Buyers are delaying moves over rate and price worries. For agents, that means resetting expectations, correcting myths and stressing long-term value.

NEW YORK — Housing markets across the country have cooled due to inflation worries and elevated interest rates, among other things, reshaping how home buyers are approaching the market. The uncertainty is leading to hesitation, delayed searches, or unrealistic expectations around affordability.

Although mortgage rates have eased from recent peaks, they remain well above pandemic-era lows, reducing purchasing power and prompting many buyers to wait for conditions that may not materialize. With house prices expected to increase through 2026, any potential savings from slightly lower interest rates may be minimal.

Some ways real estate pros can offset buyer and seller anxiety is to provide some details, including setting realistic expectations and debunking the low-supply and upcoming housing crash myths.

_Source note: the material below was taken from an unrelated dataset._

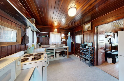 The interior is incredibly atmospheric, with richly hued wood paneling adorning the walls. Yet the space is also newly furnished and thoughtfully renovated, with the kitchen offering a new refrigerator, a new sink, new flooring, and new quartz countertops. Enjoy a living room with a smart TV, an air-conditioned sun porch where you can play board games by the window, and complimentary WiFi throughout the cottage.

In an uncertain environment, agents are positioned to help buyers move beyond short-term market anxiety by focusing on long-term affordability, realistic budgeting, and the broader economic forces that shape homeownership decisions.

“There’s a simple fact underlying all this advice: The best time to buy a house is yesterday, and the second-best time to buy a house is today. Although this might sound like a cliche, it reflects a solid economic reality,” Luke Babich, CEO of Clever Real Estate in St. Louis, said in Inman. “The market is unpredictable in the short term, but more predictable in the long term. It’s nearly impossible to predict what the market will do over the next month or the next six months, but it has consistently gone up over time.”